Changed.  Why is it the wrong operator?  It seems it's not the standard
one---checking just now on the POSIX.1 spec.  I think I just tried it
out and given it worked as expected, I didn't think of checking it.  I'm
new to the whole thing.

> Also note that using $* may not work correctly (e.g. depending on
> filenames [containing spaces] used). The safe form is a quoted  "$@"

I learned something here.

--8<-------------------------------------------------------->8---
$ cat script.sh
#!/bin/sh
echo dollar-star $*
../script dollar-star $*

echo quoted-dollar-star "$*"
../script "$*"

echo dollar-at $@
../script $@

echo quoted-dollar-at "$@"
../script "$@"

$ cat script.c
#include <stdio.h>

int main(int argc, char *argv[]) {
  printf("\nfull cmdline: ");
  for (int i = 0; i < argc; ++i) {
    printf("%s ", argv[i]);
  }
  printf("\nargs: %d\n", argc);
  for (int i = 0; i < argc; ++i) {
    printf("arg %d: %s\n", i, argv[i]);
  }
  return 0;
}
--8<-------------------------------------------------------->8---

$ ./script.sh 1 2 "th ree"
dollar-star 1 2 th ree

full cmdline: ./script dollar-star 1 2 th ree
args: 6
arg 0: ./script
arg 1: dollar-star
arg 2: 1
arg 3: 2
arg 4: th
arg 5: ree
quoted-dollar-star 1 2 th ree

full cmdline: ./script 1 2 th ree
args: 2
arg 0: ./script
arg 1: 1 2 th ree
dollar-at 1 2 th ree

full cmdline: ./script 1 2 th ree
args: 5
arg 0: ./script
arg 1: 1
arg 2: 2
arg 3: th
arg 4: ree
quoted-dollar-at 1 2 th ree

full cmdline: ./script 1 2 th ree
args: 4
arg 0: ./script
arg 1: 1
arg 2: 2
arg 3: th ree
$

> (Then I was tempted to make a similar comment as Kenny. But...)

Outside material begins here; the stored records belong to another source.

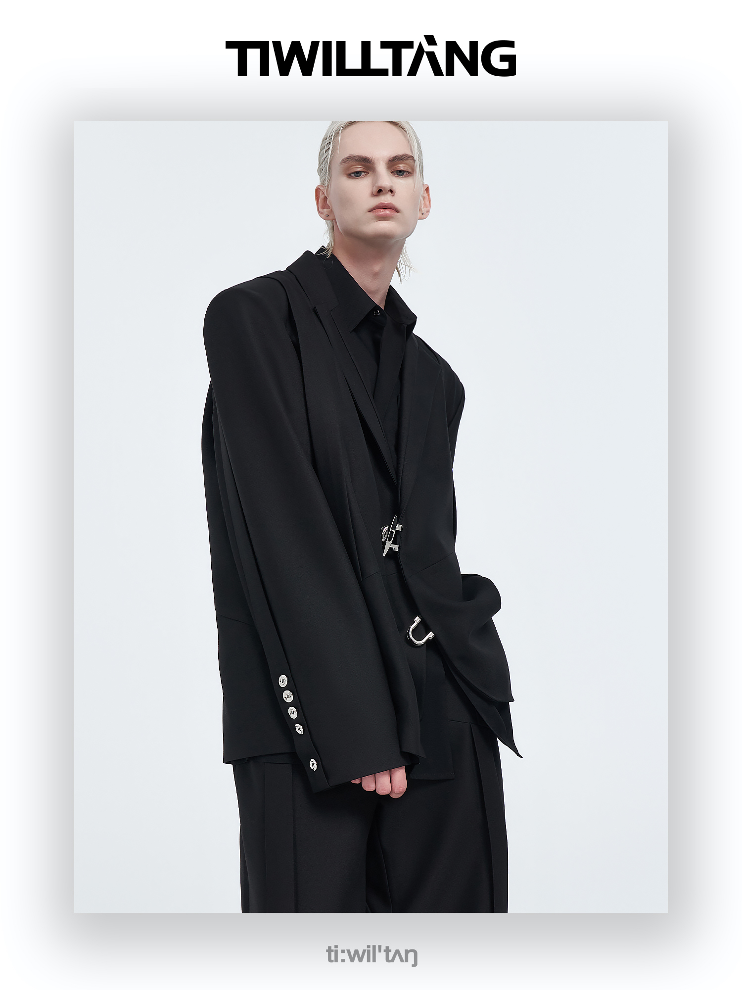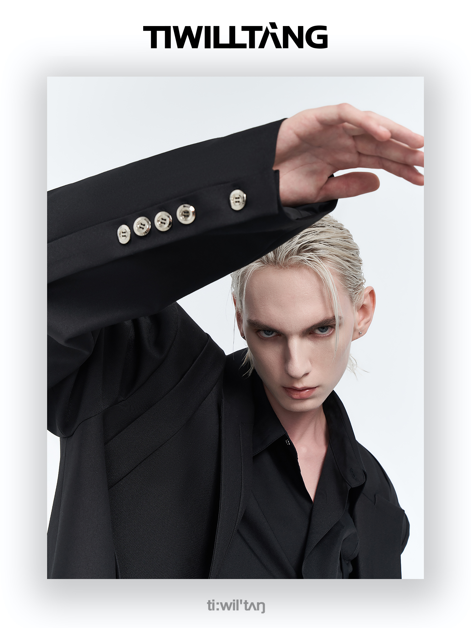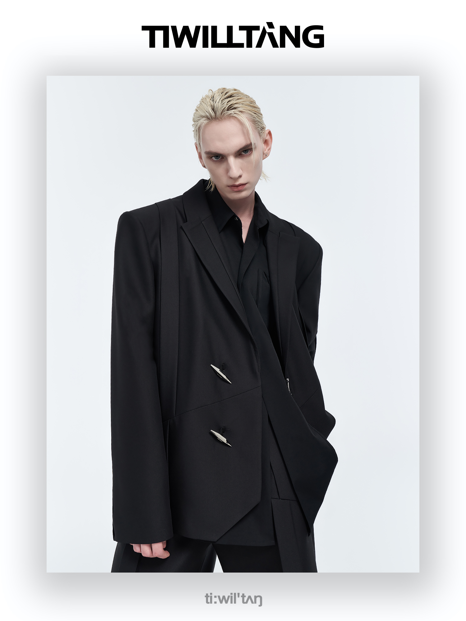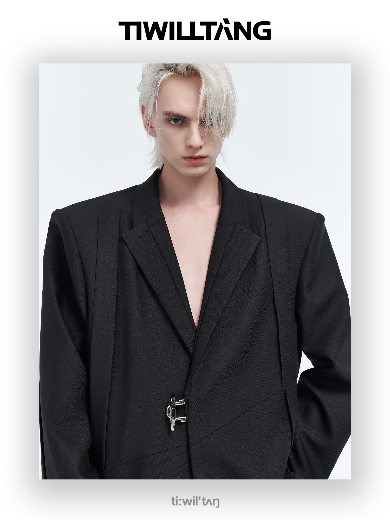 TIWILLTANG启世录“极世殿宇”高奢隽雅银灰色金属异型扣长袖西装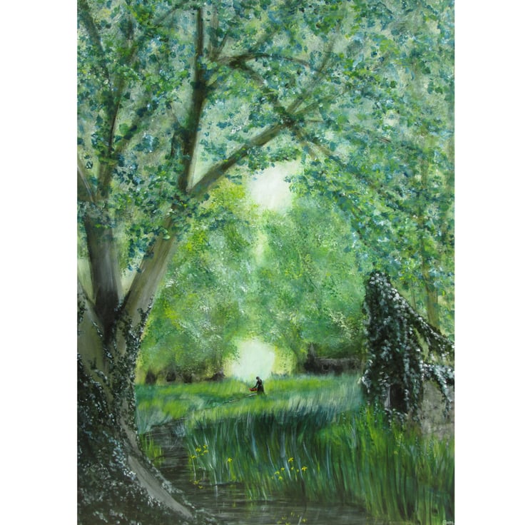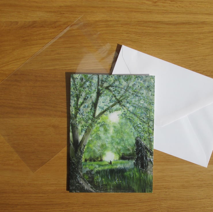 Atmospheric Landscape Art Card-Woodland Glade Inspired By Poetry-7x5 Blank Card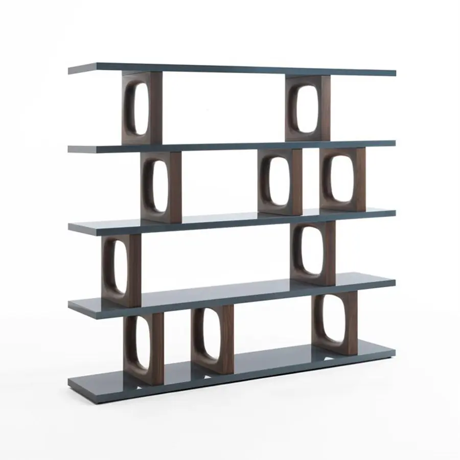 Estantería con soportes de nogal canaletta macizo y dos repisas lacadas poliéster o en nogal canaletta. Dalida, con un ancho de dos metros, está disponible en diferentes alturas – 48H – 92H – 180H – con una profundidad de 43 cm.

I'm studying and I often go back to the past to see what life was I
like.  I initially tried to solve the problem with /ed/, but did not
find a way to insert a string coming from the a shell script's cmdline.
Then I thought that /sed/ was there to make /ed/ more scriptable.

> WRT your question I'd be interested to understand more about the
> intention of your original question...

The intention is mostly in the paragraph above, but the way I study is
to put things in real-world practice as much as possible.  (When I
realize the solution is indeed too old to make sense, I replace it.
Otherwise I stick with it.)  I have a literate programming file that
contains a chunk that's the version of the program I'm writing.  So when
you ask the program its version, the information is included in the
executable, an idea which I like.  I get the version with a git command
such as

$ git log --oneline | head -1 | awk '{print $1}'
2566d31

So I wanted to include such string in the literate programming file.  At
first I wrote a solution in the programming language I'm using, but I
remember seeing many older software using sed for something like that,
so I decided to study sed a bit.  I read the sed part of Dale Dougherty
and Arnold Robbins's book "sed & awk", second edition, and I thought sed
was quite neat and sensible.  What I'm noticing now is that there are
too many different sed behavior out there to make it sensible to use.
UNIX systems as a whole are like that, so I'm used to reminding myself
of using the common subset of everything.  Perhaps the common subset of
sed is too small.  If I have to use it just for search and replace, then
perhaps it's not really worth it.

> I mean if you don't trust your 'sed' command just pipe it though
> 'less'; there's no need to change the 'sed' program just for that.
>
> Personally I'd try whether it works (by adding "something" before
> and also after the desired place in your sample.txt to be sure the
> other occurrences were not changed), and then just call
>
>   sed -e '/<<Release>>=/,+1s/something/sth else/'  sample.txt
>
> to see it working.

Thanks for the excellent instruction!